Instructions to follow
Starting with the line in which "А развивается она" appears, give back every line exactly as written until the listing ends, excluding pictures.

Given data
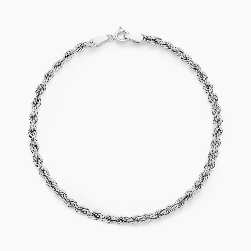 Bracelet Or Blanc 375/1000 Maille Corde 3.5mm 18cm
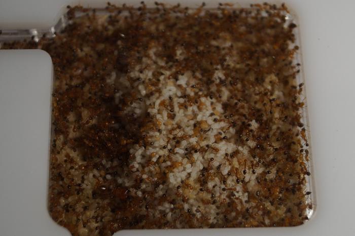 А развивается она семимильными шагами. На арену уже ходят крупные и намного более сбитые рабочие, на куче мака в пробирке сидят головастые солдаты (причём голова у них больше чем у матки), среди расплода почти не просматривается мелких личинок а есть только среднекрупные и крупные личинки полиморфных особей. Да и в пробирке уже мало что видно, ибо то что там творится теперь больше похоже на красно-белое кипящее месиво.
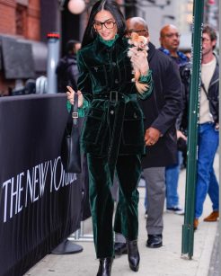 A atriz americana estava com uma jaqueta Saharienne em veludo, combinando com a calça, também em veludo. Já a blusa, embaixo da jaqueta, era de sena. No entanto, para completar o visual, Demi Moore apostou em botas plataforma Nico em couro liso.
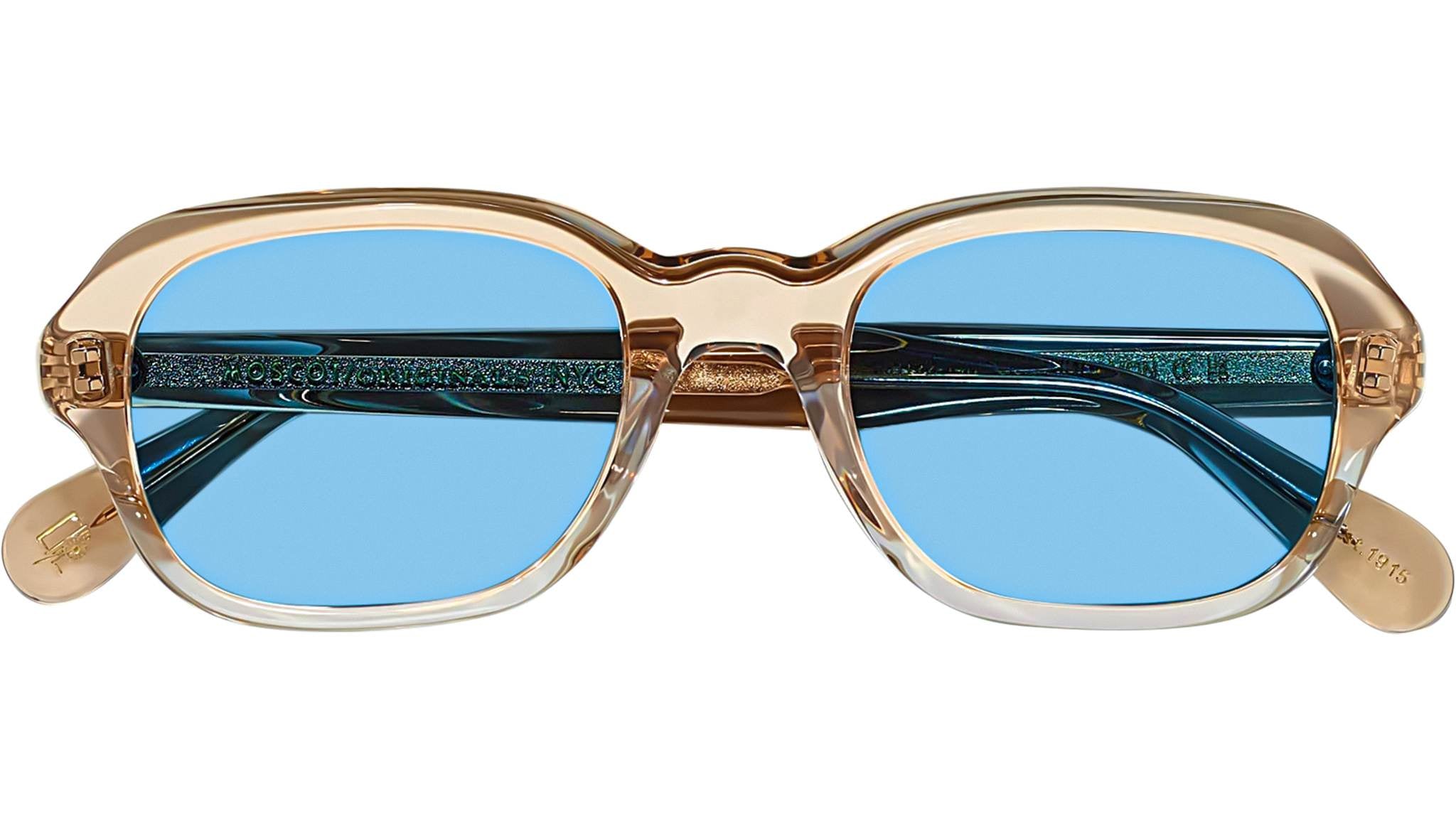Occhiali da sole Moscot Meshug Sun unisex con montatura rotonda in acetato cannella e lenti blu celebrity. Linea: Originals. Codice modello: Meshug Sun. Codice colore: 0312. Rivenditore autorizzato Moscot online. Gli occhiali vengono consegnati con custodia e accessori originali e sono coperti dalla garanzia ufficiale di 12 mesi del produttore.

Task result
 А развивается она семимильными шагами. На арену уже ходят крупные и намного более сбитые рабочие, на куче мака в пробирке сидят головастые солдаты (причём голова у них больше чем у матки), среди расплода почти не просматривается мелких личинок а есть только среднекрупные и крупные личинки полиморфных особей. Да и в пробирке уже мало что видно, ибо то что там творится теперь больше похоже на красно-белое кипящее месиво.
 A atriz americana estava com uma jaqueta Saharienne em veludo, combinando com a calça, também em veludo. Já a blusa, embaixo da jaqueta, era de sena. No entanto, para completar o visual, Demi Moore apostou em botas plataforma Nico em couro liso.
Occhiali da sole Moscot Meshug Sun unisex con montatura rotonda in acetato cannella e lenti blu celebrity. Linea: Originals. Codice modello: Meshug Sun. Codice colore: 0312. Rivenditore autorizzato Moscot online. Gli occhiali vengono consegnati con custodia e accessori originali e sono coperti dalla garanzia ufficiale di 12 mesi del produttore.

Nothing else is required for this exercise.